Search code examples
matlabprobabilityprobability-theory

how to create simulated censored dataset in MATLAB


I would like to write a code to generate a dataset censored with 1 censored data point and varying percent censored. I have the following code to generate some random numbers but not censored

n=input('Enter sample size:');
GM=input('Enter geometric mean:'); 
GSD=input('Enter geometric standard deviation:');
m=input('Enter desired number of dataset:');
x = lognrnd(log(GM), log(GSD),n,m);

I have the following code to create a censored dataset with known a limit of detection (lod) value (LOD) and then calculate the percent censored value and there I have a dataset to work with.

c = (x > lod); % c are values less than this number 
x(c) = lod;  % create single lod
sum(c)/length(c) % calculate percent censored

but what I want to do it is to provide the computer the desired percent censored and have the computer find the lod corresponds to that percent censored. I can manually put in the lod value but that takes very long time if i want to create a dataset with percent censored 5-95.
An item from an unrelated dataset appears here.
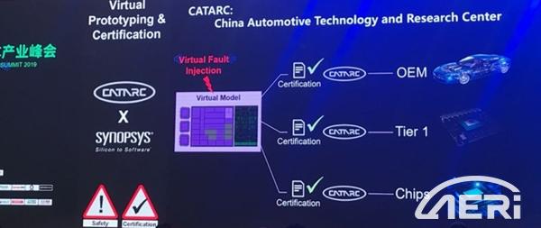 此次峰會上,中汽中心汽車工程研究院(以下簡稱“工程院”)與美國新思科技公司達成一致,將在智能汽車電子電氣虛擬原型開發(fā)方面開展戰(zhàn)略合作。美國新思科技是目前全球排名第一的芯片自動化設(shè)計解決方案提供商,同時也是全球排名第一的芯片接口IP供應(yīng)商。工程院則在車輛功能安全和電子電氣開發(fā)及測試領(lǐng)域已有近十年的技術(shù)積累。工程院未來將采用新思科技公司的工具,利用虛擬原型開發(fā)技術(shù)使芯片、電路及元器件通過數(shù)字建模實現(xiàn)虛擬開發(fā)環(huán)境,從而幫助車企提前6到9個月啟動軟件開發(fā)。除此之外,還能通過模擬在真實環(huán)境中很難呈現(xiàn)的各類軟硬件故障,為功能安全認(rèn)證提供更為可靠、全面的測試和驗證手段。

The goal is to create varying censored datasets with varying percent censored for a simulation. I've been doing it one dataset at a time and it's taking a very long time. Please let me know if this all makes sense.


Solution

  • If you have Statistical Toolbox you can use functions PRCTILE:

    pct = 10;
    lod = prctile(x, pct);
    

    or QUANTILE (it actually uses prctile inside).

    pct = 0.1;
    lod = quantile(x,pct);